The e-mail address is always a fake gmail.com or yahoo.com address like asdfwjy12 or something, so the domain checks out. I let the spammer post 42 messages so I had plenty of entropy to analyse and then cut them off (luckily they weren’t using an IP address randomizer or a proxy).

Anyone else had this kind of thing? Anyone have any further insight into how I can study this kind of attack and find out more about it? What sort of technique is a script using to bypass the forced preview? My guess is the script must be submitting the comment and then resubmitting like a normal user would, thereby passing the nonce check. This may explain the double-entries in the Visitor Logs (but not the 302 status of the 2nd attempt, hmmm).

If so, this is targeted specifically at TXP or other forced-comment-preview systems and we perhaps need to think about being more clever; possibly using time domain analysis or loosely coupled sets (which I think I’ve mentioned years ago on this forum somewhere) to filter out obvious rapid-fire comment attempts at frequent intervals.
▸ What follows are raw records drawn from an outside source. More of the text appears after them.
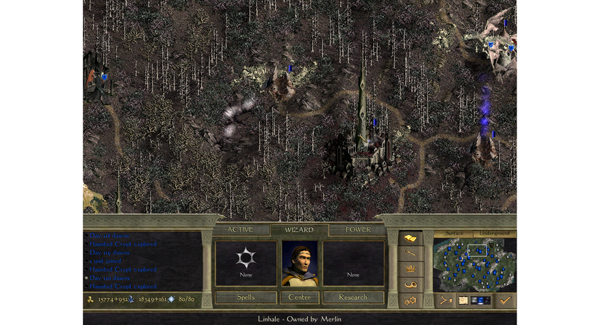 Мерлин сначала нападает, а потом уже думает. Его способ переговоров сводится к открытым военным действиям с другими волшебниками. Зачастую его противников либо подставляют, либо они вообще пытаются отстраниться от конфликта. Так он решил призвать Арахну на свою сторону. Как он это сделал? Убивая её людей и захватывая города! И его бывший враг что-то не торопился становиться другом. А когда Мерлин стал постигать сферу смерти, то перешел в еще одну крайность, и стал истреблять все живое.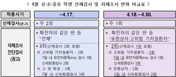 “다만, 학교‧가정의 방역 피로도 등을 고려하여 검사체계를 일부 완화하고, 5월 이후부터는 방역당국의 방역지침 변화 등에 따라 학교방역 지침도 추가적으로 보완하여 안내할 계획이다.”라고 밝혔다.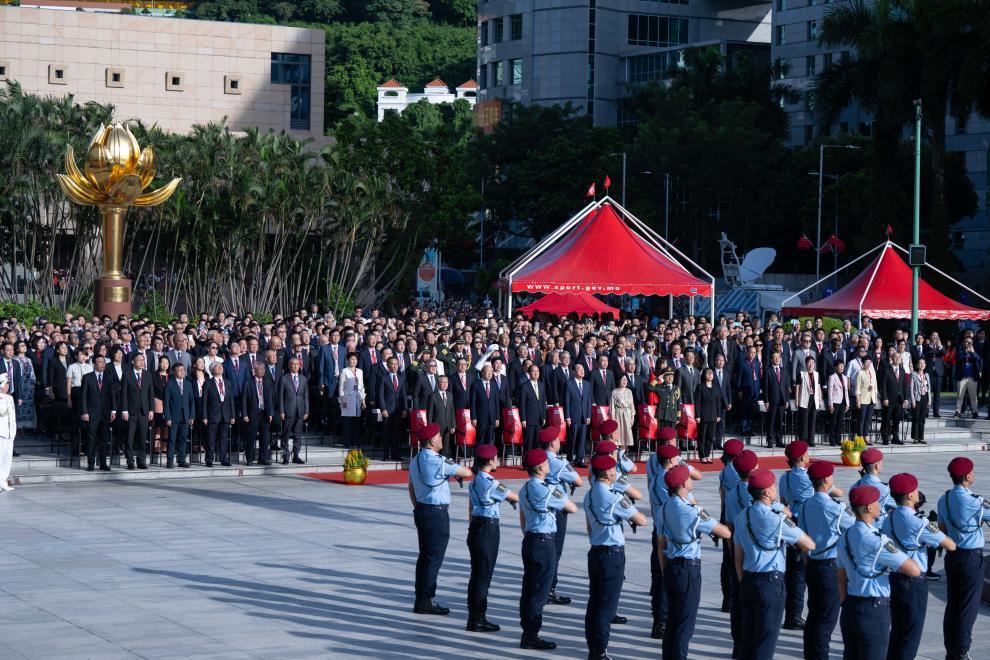 2024年10月1日,澳門特別行政區(qū)政府在金蓮花廣場(chǎng)隆重舉行升旗儀式,慶祝中華人民共和國(guó)成立75周年。新華社記者 張金加 攝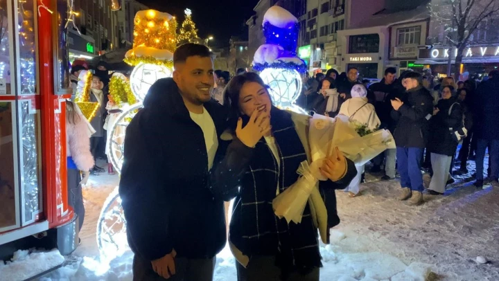 Bolu'da vatandaşlar 2026 yılına coşkuyla girdi. Kentin en işlek noktası olan İzzet Baysal Caddesi'nde toplanan yüzlerce kişi, soğuk havaya aldırış etmeden doyasıya eğlendi. Kimileri oyun havası oynayarak yeni yılı karşılarken, kalabalığın ortasında yapılan sürpriz evlilik teklifi renkli görüntülere sahne oldu.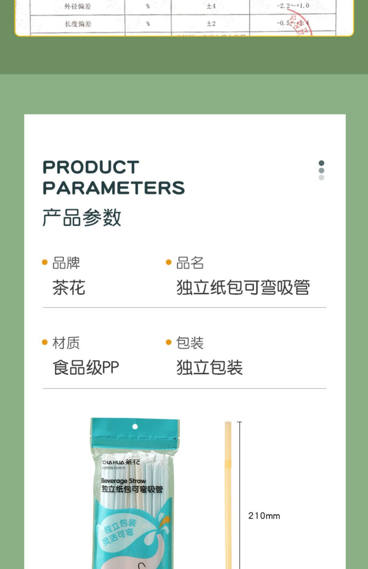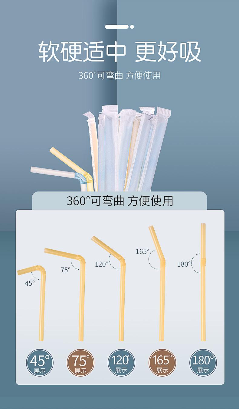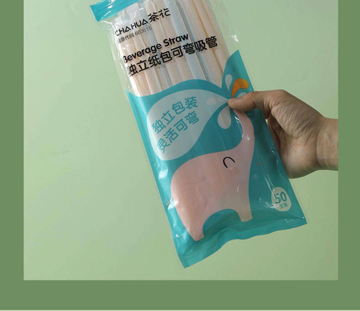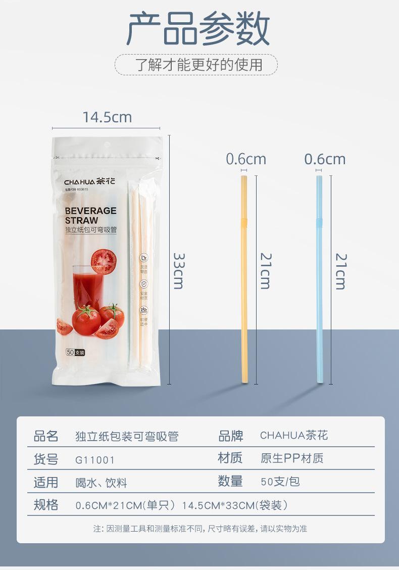 Pajita desechable Camellia PP, embalaje individual, para leche, té, bebida, translúcida, curvable, para jugo, pajita de plástico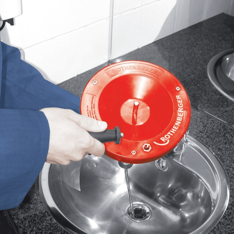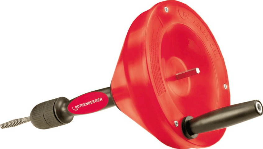 Rohrreinigungsgerät ROSPI®• Kurbel-Handbetrieb und 6-kant-Antrieb zum Einspannen in Bohrfutter für Hand-Bohrmaschinen • Schlagfester, geschlossener und schmutzgeschützter Kunststoff-Spiralenbehälter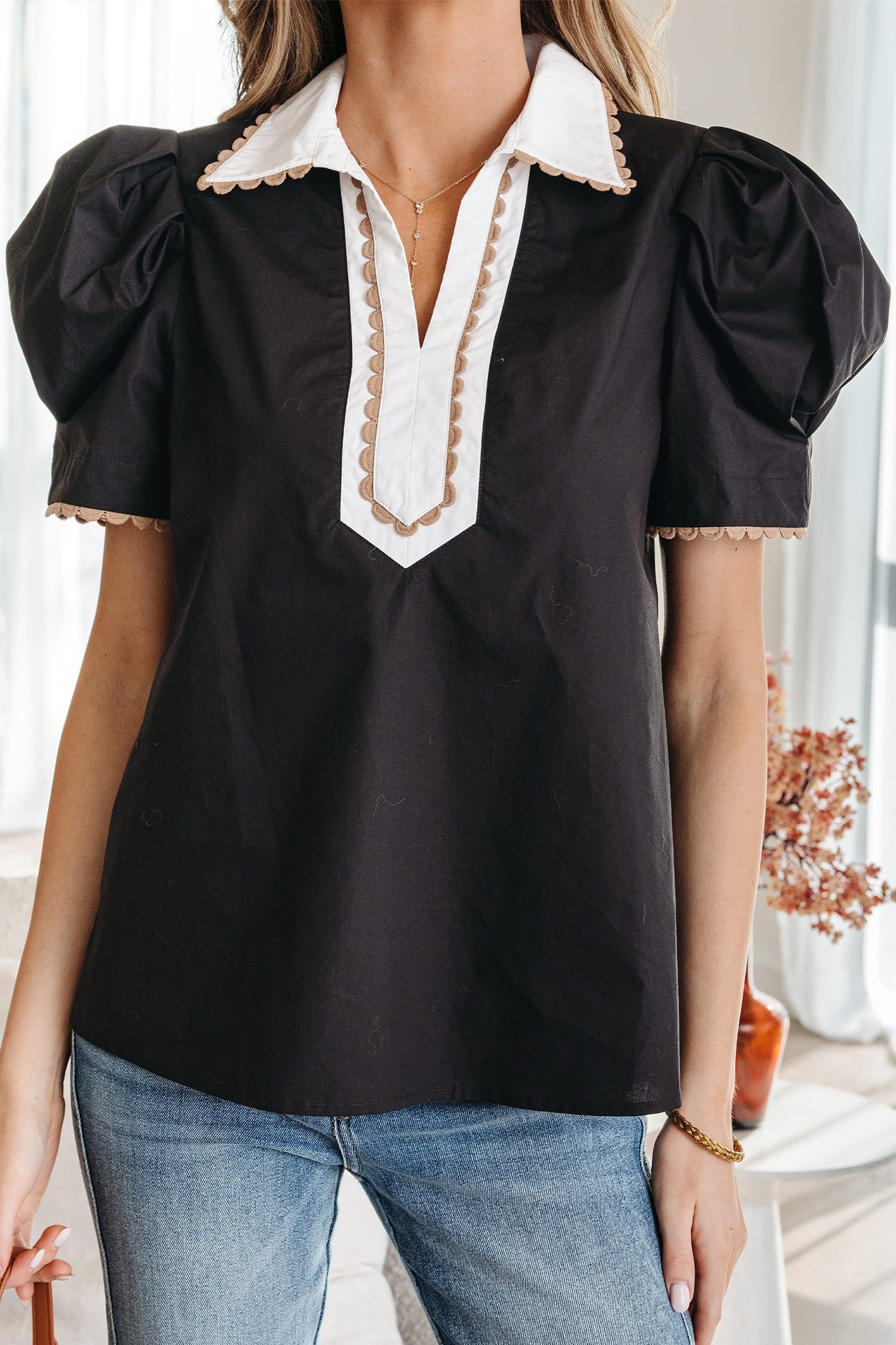 The ricrac trim adds this short sleeve top a delicate touch.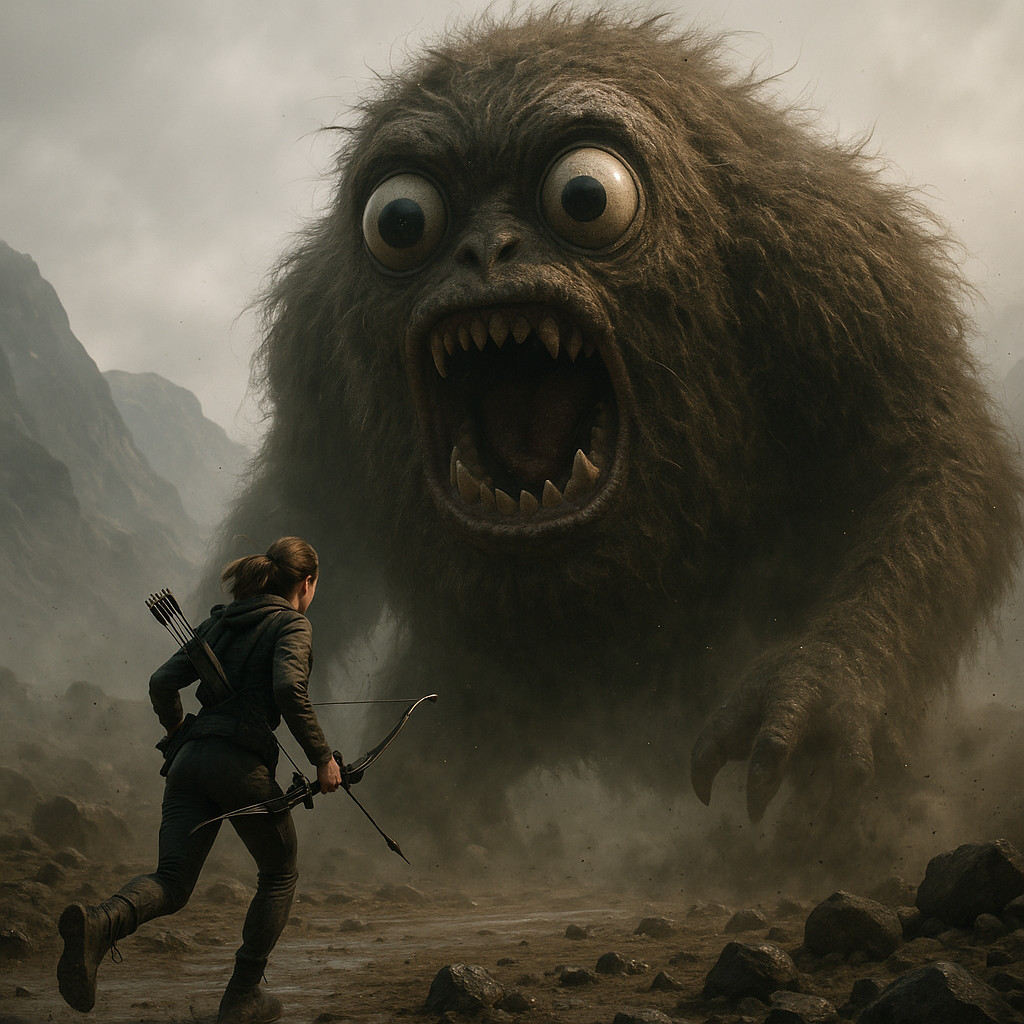 The Monolith was a grotesque colossus of flesh and fur, its sheer bulk resembling a mountain that had come to life. Its dense, wild coat glistened with the moisture of the world it had ravaged, and its huge, bulbous eyes scanned its surroundings like searchlights. Each movement of its hulking body sent tremors through the ground, displacing boulders and sending gouts of dirt into the air. Its mouth opened wide, revealing rows of serrated teeth that seemed capable of grinding whole buildings into dust. It emitted a guttural roar, a sound so powerful it silenced the wind and disrupted the mist, creating a temporary vacuum of sound and motion before the world rushed back in.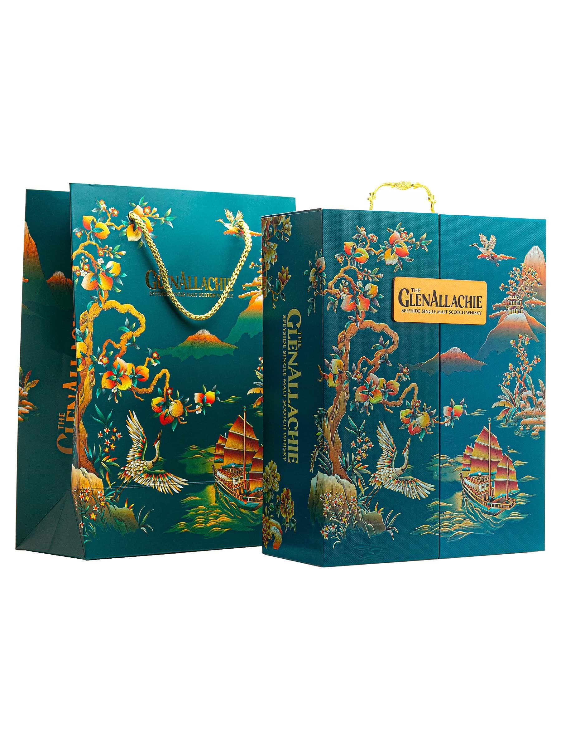 Rượu GlenAllachie 12 năm Hộp quà Tết Bính Ngọ 2026 gồm hộp màu đỏ sang trọng cùng 2 ly rock pha lê của Riedel và chai whisky single malt GlenAllachie 12 năm tuổi.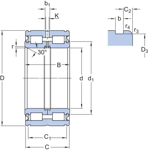 Двухрядные бессепараторные цилиндрические роликоподшипники содержат максимальное количество роликов и поэтому способны воспринимать очень большие радиальные нагрузки при средних частотах вращения. С тремя фланцами на разъёмном внутреннем кольце и одним центральным фланцем на наружном кольце, подшипники типа NNF могут использоваться для осевой фиксации вала в обоих направлениях. Две канавки под стопорные кольца, расположенные на наружном кольце, упрощают монтаж и экономят пространство в осевом направлении.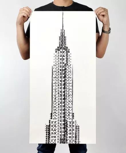 Yang会用自行车轮胎画画,他每次大约用七八种不同型号的轮胎就可以画出帝国大厦,埃菲尔铁塔等知名建筑,也是牛到没朋友!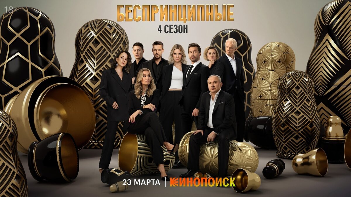 Четвертый сезон «Беспринципных», состоящий из восьми эпизодов, выйдет на Кинопоиске 23 марта, сообщает пресс-служба онлайн-кинотеатра. Главный хранитель светских секретов Славик в исполнении Павла Деревянко продолжает коллекционировать смешные и неприличные истории о своих уже давних знакомых по Патрикам и тех, кто сюда только переехал. В продолжении комедийного сериала по мотивам рассказов Александра Цыпкина появятся новые персонажи в исполнении Милоша Биковича, Матвея Лыкова, Анны Слю и Максима Лагашкина. Режиссером всех сезонов выступил Роман Прыгунов. Над сценарием сериала вместе с Цыпкиным работали Владимир Васильев и Илья Мотовилов. Четвертый сезон продолжит сюжет фильма «Беспринципные в деревне» и расширит вселенную новыми сюжетными линиями. У Славика (Деревянко) в жизни сплошная турбулентность: развод с Людой, новая любовь (Слю), но старые слабости. Генерал Хадяков (Николай Фоменко) переживает вторую молодость, пока Валя (Кристина Бабушкина) строит карьеру певицы вместе с хитры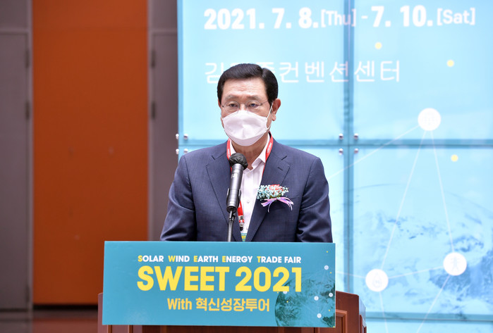 [광주=프레스뉴스] 강래성 기자=국제 신재생에너지 전시회 ‘SWEET 2021’(Solar, Wind & Earth Energy Trade Fair)가 8일 오후 광주 김대중컨벤션센터에서 개막했다.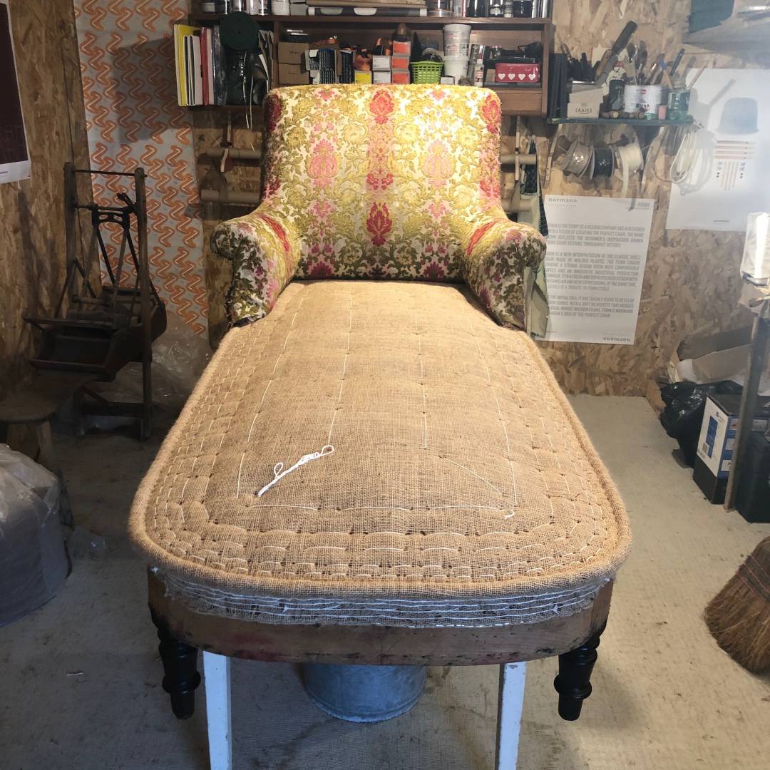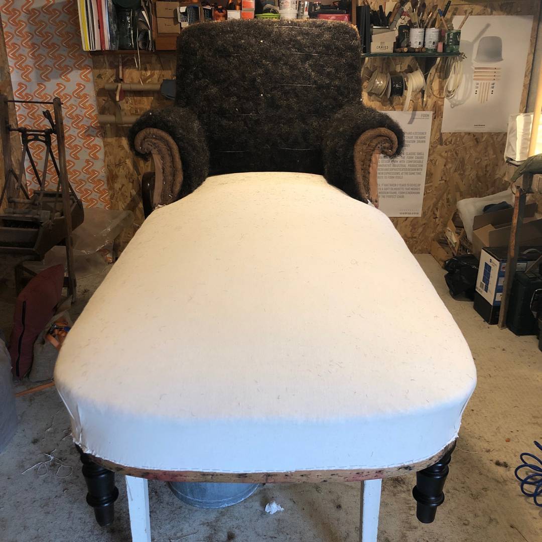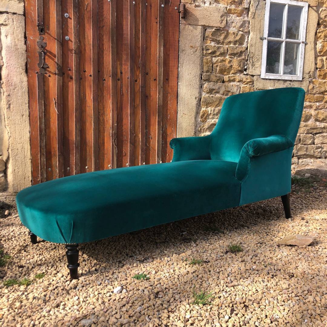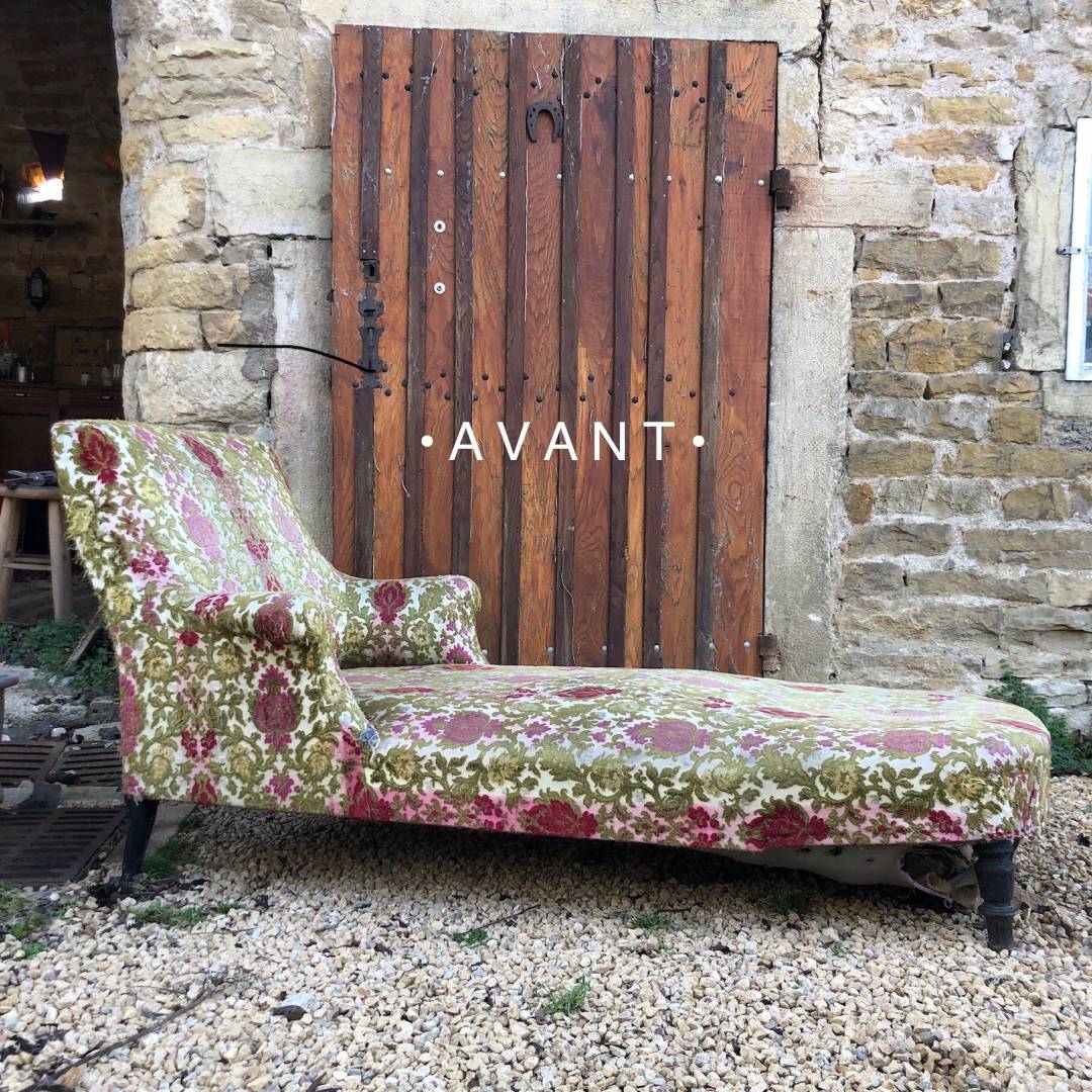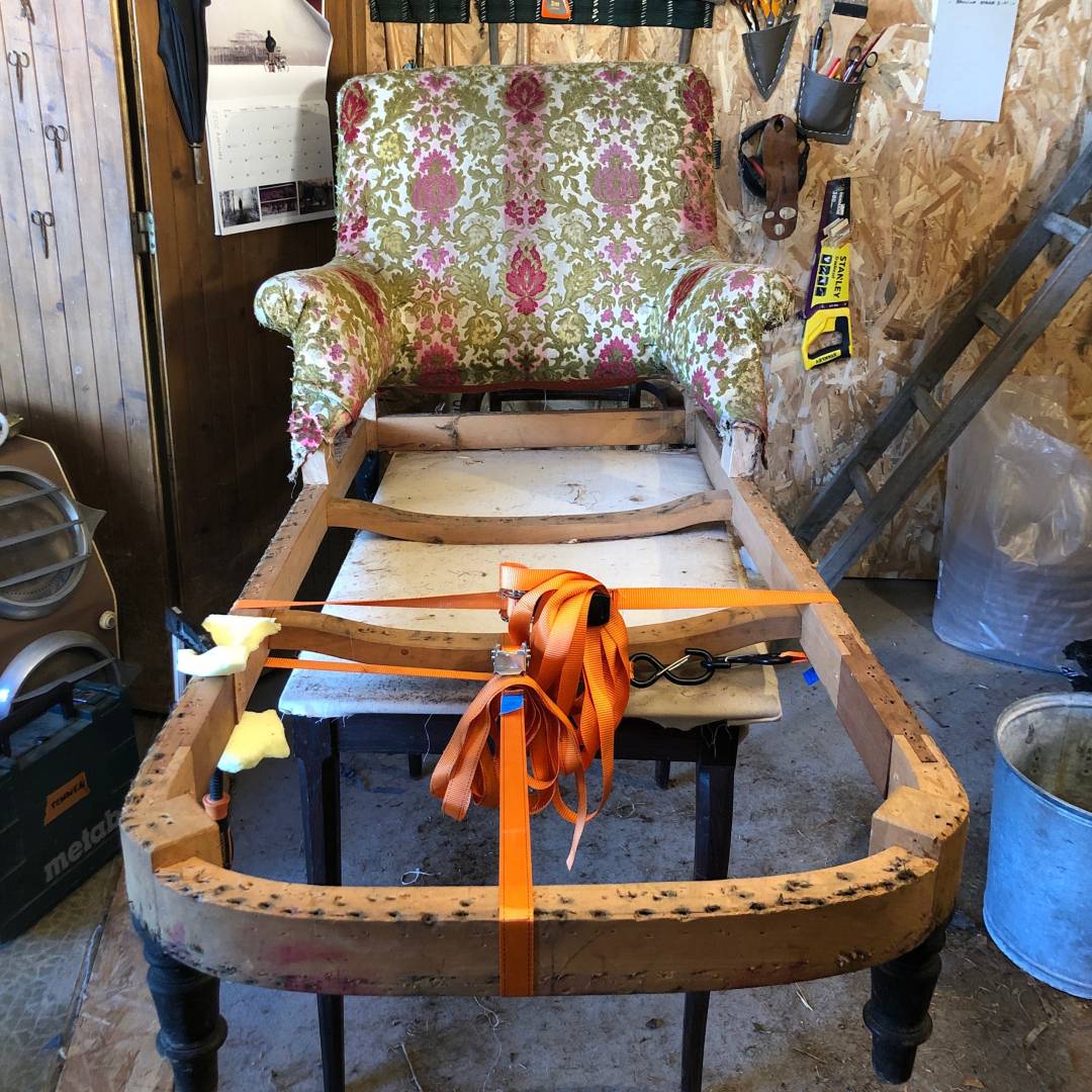 Structure bois à réparer et rénovation de l'assise en garniture traditionnelle. Retouche de la garniture traditionnelle du dossier et les accoudoirs. Revêtement en velours CASAMANCE bleu canard choisi par ma cliente.

I’m sure if I study this that a comment spam plugin can be devised to thwart this type of attack and its variants.

Thoughts? Avenues of exploration?

Thanks in advance.

(EDIT: removed dumbass mention of ZCR)

Last edited by Bloke (2010-09-07 09:11:29)

Gocom · 2010-09-07 09:59:58

Bloke wrote:

This may explain the double-entries in the Visitor Logs (but not the 302 status of the 2nd attempt, hmmm).

Textpattern uses redirects in the commen saving process.

What does the spammer sent to the server? It might be a bot that actually uses full rendering engine. Depending on how well it’s coded, it might be almost unstoppable, like Terminator. Now, ‘hide ya kids, hide ya wife’.

The forced preview isn’t going to stop everything. Just the mindless bots that just send forms without thinking first.

Bloke · 2010-09-07 10:14:33

Gocom wrote:

Textpattern uses redirects in the commen saving process

D’oh! Thanks. That explains that bit then. I get so few comments (*sniff, blub* must write something more interesting) I never noticed that before. Plus the comments area of the core is still voodoo to me until I get my head round it. One day…

It might be a bot that actually uses full rendering engine.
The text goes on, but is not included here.